There's just the one campsite in the database for Ronda and nearby. Any other suggestions for a good site in February, preferably quiet? Not bothered about super facilities.


----------



## Grizzly (May 9, 2005)

When we were there we stopped at the El Sur campsite and walked in to town both days and got a taxi back the second time.

There were lots of motorhomes parked in an unofficial aire closer to town but there were no facilities that we could see, other than in the supermarket close by:

Ronda "aire"

G


----------



## oldtart (Mar 18, 2006)

Like Grizzly, we stayed at El Sur Ronda and it was in February

There is also an excellent restaurant at the site 

Val


----------



## wug (May 19, 2011)

Thanks both. Is there any need to book ahead for inland sites in Feb?
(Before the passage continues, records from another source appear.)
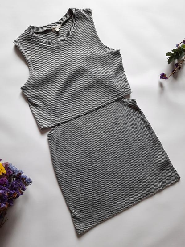 Класное серое платье в рубчик по фигуре с открытыми боками.На невысокую девушку
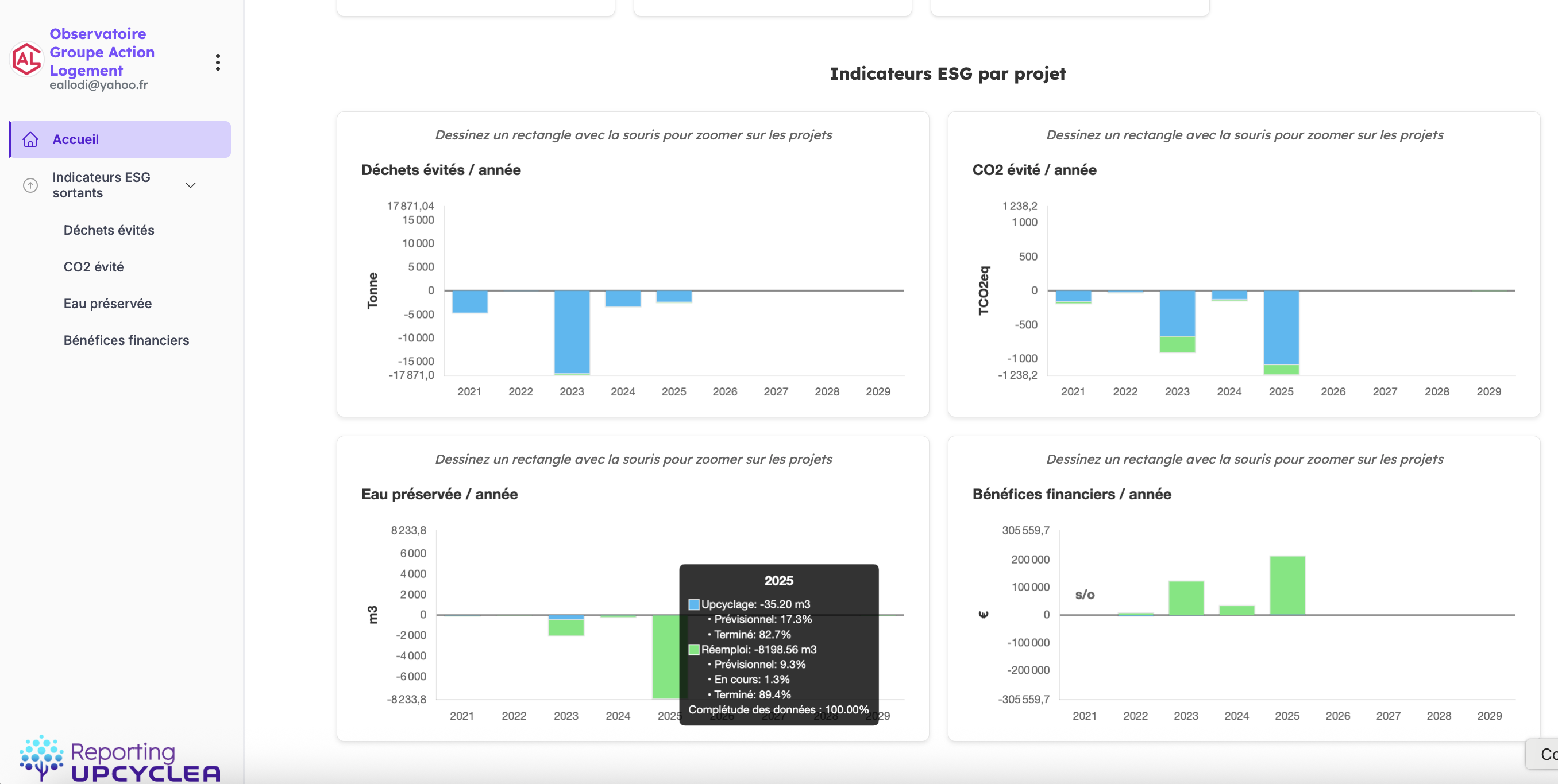 Les indicateurs sont ensuite visualisables dans Upcyclea-Reporting (en mode Observateur), par année et par import.
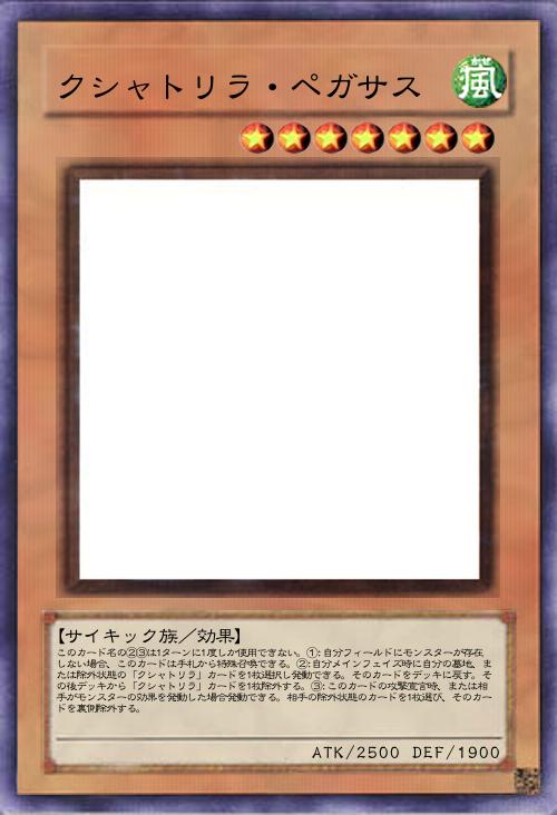 | このカード名の②③は1ターンに1度しか使用できない。①:自分フィールドにモンスターが存在しない場合、このカードは手札から特殊召喚できる。②:自分メインフェイズ時に自分の墓地、または除外状態の「クシャトリラ」カードを1枚選択し発動できる。そのカードをデッキに戻す。その後デッキから「クシャトリラ」カードを1枚除外する。③:このカードの攻撃宣言時、または相手がモンスターの効果を発動した場合発動できる。相手の除外状態のカードを1枚選び、そのカードを裏側除外する。 | |||
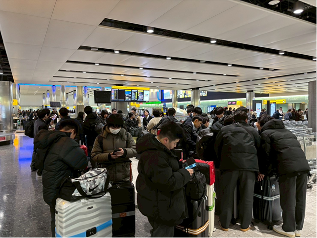 1月7日(水)、イギリス英語研修に1年生(41名)が出発しました。生徒は午前7時に羽田空港の第2ターミナル3F出発ロビーに集合し、JTB担当者から出発までの注意事項を聞いた後、搭乗手続きを済ませました。
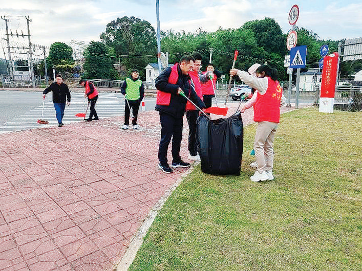 大家在新聯(lián)村開(kāi)展清潔行動(dòng);葜萑?qǐng)?bào)記者洪鵲兒 特約通訊員謝長(zhǎng)波 通訊員羅燕娜 攝

We wont be going to the Costas.


----------



## Grizzly (May 9, 2005)

wug said:


> Thanks both. Is there any need to book ahead for inland sites in Feb? We wont be going to the Costas.


Absolutely not ! We were there in February and there were nights in both Spain and Portugal when we had the site to ourselves. This was not true on the Costas coast or the Algarve however where we were turned away from sites and, when we did find a couple, were squeezed in - just.

G

Edit to add: There is one site that I might, in future, phone ahead to check. That was the Reina Isabel campsite in Granada. It's small, very pleasant and convenient, but some pitches are quite tight for big vans. It was quite busy and people had gone for the bigger pitches.

http://www.motorhomefacts.com/camping-reina-isabel-campsite.html

Well worth it though- lovely views and a moorish theme to the site. Granada is pretty special too !


----------



## wug (May 19, 2011)

Cheers, G. It's great getting first-hand info like this. Invaluable.


----------